Learning to Rank for Biomedical Information Retrieval
Bo Xu,Hongfei Lin,Yuan Lin,Yunlong Ma,Liang Yang,Jian Wang,Zhihao Yang
DOI: https://doi.org/10.1109/bibm.2015.7359729
2015-01-01
Abstract:Research articles in biomedicine domain have increased exponentially, which makes it more and more difficult for biologists to manually capture all the information they need. Information retrieval technologies can help to obtain the users' needed information automatically. However, it is a great challenge to apply these technologies to biomedicine domain directly because of some domain specific characteristics, such as the abundance of terminologies.

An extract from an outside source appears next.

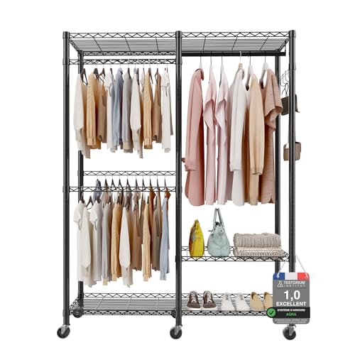 ZzERTE Portant À Vêtements Sur Roulette, Porte-manteaux, Penderie, Avec Double Tringle Et Étagère De Rangement, Chambre, Buanderie(Black,130cm/51.2in)

To enhance the effectiveness of the biomedical information retrieval, we propose a novel framework based on the state-of-the-art information retrieval methods, called learning to rank, which has been proved effective to rank documents based on their relevance degree. In the framework, we attempt to tackle the problem of the abundance of terminologies by constructing ranking models, which focus on not only retrieving the most relevant documents but also diversifying the searching results to increase the completeness of the resulting list for a given query. In the model training, we propose two novel document labeling strategies, and combine several traditional retrieval models as learning features. Besides, we also investigate the usefulness of different learning to rank approaches in our framework. Experimental results on TREC Genomics datasets demonstrate our proposed framework is effective in improving the performance of biomedical information retrieval.